Ganz anders sieht das Pirmin Hodel, neuer Präsident des Schulleiterinnen- und Schulleiterverbands. «Es reicht nicht, wenn nur die Schulleitungen und die Bildungskommission die Qualität der Schulen prüfen. Die Volksschule ist eine kantonale Angelegenheit. Darum kann die Qualitätssicherung nicht ausschliesslich eine kommunale Aufgabe sein», stellt er klar. Deshalb findet er: «Die Forderungen von Willi Knecht sind ein Schnellschuss.» Man müsse verstehen, was damit verloren ginge, sagt Hodel. Mit Verlust meint der Willisauer Schulleiter unter anderem die Wertschätzung, die den Lehrpersonen mit externen Evaluationen entgegengebracht werde.

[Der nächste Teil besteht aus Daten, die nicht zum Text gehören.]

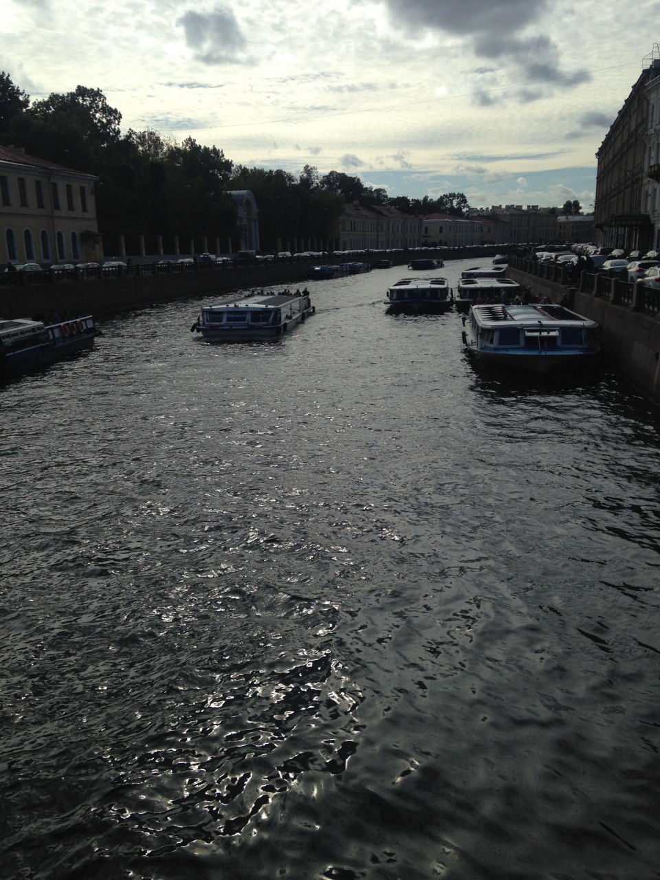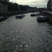 ネヴァ川に運河で旧参謀本部の横も通っています。この運河ではリバークルーズ用のボートもあるので、歩き疲れた時にボートに乗ってサンクトペテルブルグの街を眺めるのもよいです。川沿いにはきれいな建物が並んでいます。
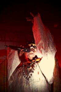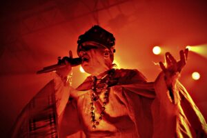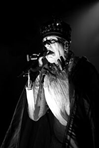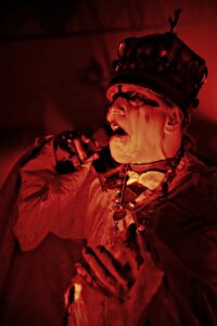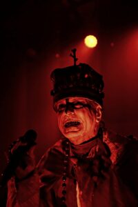 Ils surgissent avec le puissant « Realm of Endless Misery », tiré de leur nouveau necronomicon en huit titres, Liturgy of Death. Le groupe ne s’embarrasse d’aucun artifice vestimentaire, ils laissent cela au chanteur. Et quel spectacle : un pape sataniste vêtu de soie, tout droit sorti de la tombe, symboles occultes gravés dans les paumes, dents pourries aux lèvres. Un contraste total avec les jeans noirs et t-shirts sobres du reste du groupe.Permettez-moi une comparaison rapide : avec un groupe comme Ghost (qui a ses qualités) dans le paysage, et Mayhem sous mes yeux, j’ai l’impression de revenir aux racines, pas seulement du metal, mais, étrangement, d’une forme d’authenticité. Ici, costume et «masque » ne servent pas à dissimuler pour fabriquer un personnage (ce qui peut aussi avoir son intérêt). Ils semblent plutôt révéler ce qui bouillonne dessous. Sous le maquillage, on voit qu’Attila Csihar vit chaque mot. Chaque torsion de son visage, chaque mouvement serpentin de la langue, chaque geste minuscule donne chair à son incarnation. Ses pensées, aussi étrangères soient-elles, percent à travers des yeux réduits à de fines fentes.C’est peut-être là, dans ces fentes, que se niche la différence entre divertissement et art. Oui, c’est un show, mais cette performance paraît épurée, dense, presque intime depuis les premiers rangs, et donc sincère. « True »… ou « trve », pour ceux qui y tiennent. Le terme me fait lever les yeux au ciel, et le débat mérite d’être creusé, mais ce dont je suis témoin ce soir correspond parfaitement à ma définition personnelle du divertissement ET de l’art. L’auteur est peut-être mort, mais j’ai besoin d’un être humain face à moi qui cherche le lien. Csihar l’établit sans détour.
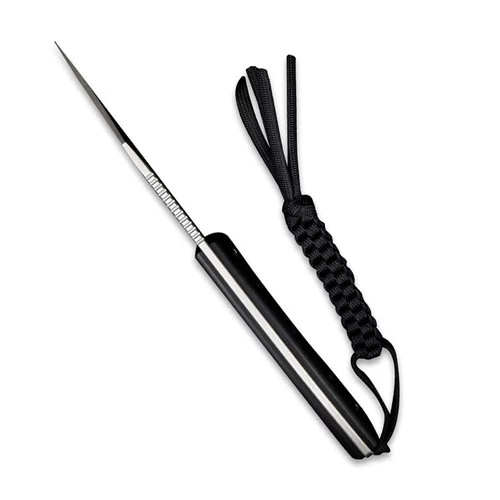 - Black kydex sheath and a paracord lanyard.
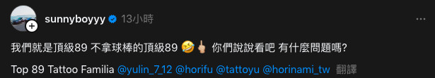 此外,王陽明也在文中寫下「我們就是頂級89,不拿球棒的頂級89,你們說說看吧!有什麼問題嗎?」
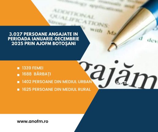 3.027 persoane angajate prin intermediul AJOFM Botoșani în anul 2025
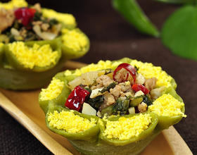 蒸好的窝头,蛋黄用筛子压蓉。装入窝头边,中间装菜即可。

Zudem ermögliche eine externe Evaluation die Darstellung des Profils der Schule. «Wir – wie andere Betriebe auch – müssen Rechenschaft ablegen über die Qualität unserer Arbeit. Aus diesem Grund braucht es diese Evaluationen.» Für Hodel steht aber fest: «Über die Tiefe und Breite der Evaluation könnte man diskutieren.» Mit anderen Worten: Die Evaluation könnte schlanker, mit weniger Aufwand für die Beteiligten, durchgeführt werden.

Aufwand wird seit langem hinterfragt
Die Diskussion um den Aufwand für die externen Evaluationen ist nicht neu. Der Lehrerinnen- und Lehrerverband des Kantons Luzern kritisiert den Aufwand schon seit geraumer Zeit. Heute sei die Diskussion aber eine andere, sagt Kaspar Bättig, Geschäftsführer des Verbandes. «Aktuell müssen wir uns fragen, ob wir uns Fremdevaluationen leisten können.» Die Antwort dürfte wohl negativ ausfallen, sagt er. «In Zeiten, wo Lehrpersonen eine Lektion kostenlos unterrichten müssen, sind solche Angebote unweigerlich zu hinterfragen.» Dass dies nun auch Kantonsräte einsehen würden, freut Bättig. «Denn es zeigt, dass die Abbaumassnahmen rund um die Bildung auch nicht bei allen Politikern gut ankommen.»

Trotz Aufwand und Sparmassnahmen: Die externe Evaluation an Schulen sei notwendig, müsse aber bedarfsgerechter ­eingesetzt werden, betont er. Knechts Idee, dass die Schulleitungen und die Bildungskommissionen diese künftig in alleiniger Regie übernehmen, begrüsst Bättig nicht. «Ein System kann sich nicht selber kontrollieren.» Es brauche zwingend eine Aussensicht. Wegen der klammen Kantonskasse fordert der Verband jedoch die Sistierung der externen Evaluationen – «bis der Schulbetrieb im Kanton wieder voll finanziert werden kann». Charles Vincent, Leiter der Dienststelle Volksschulbildung im Kanton Luzern, nimmt zum Vorstoss keine Stellung, da es sich um einen laufenden Prozess handle.

Welche Kantonsräte die Motion mitunterzeichnen werden, kann Willi Knecht nicht sagen. Er betont jedoch, dass auch viele CVP- und FDP-Politiker die Fremdevaluation hinterfragen würden. Wird Knechts Motion an der Kantonsratssession vom kommenden Montag für dringlich erklärt, wird sie am Dienstag im Parlament behandelt.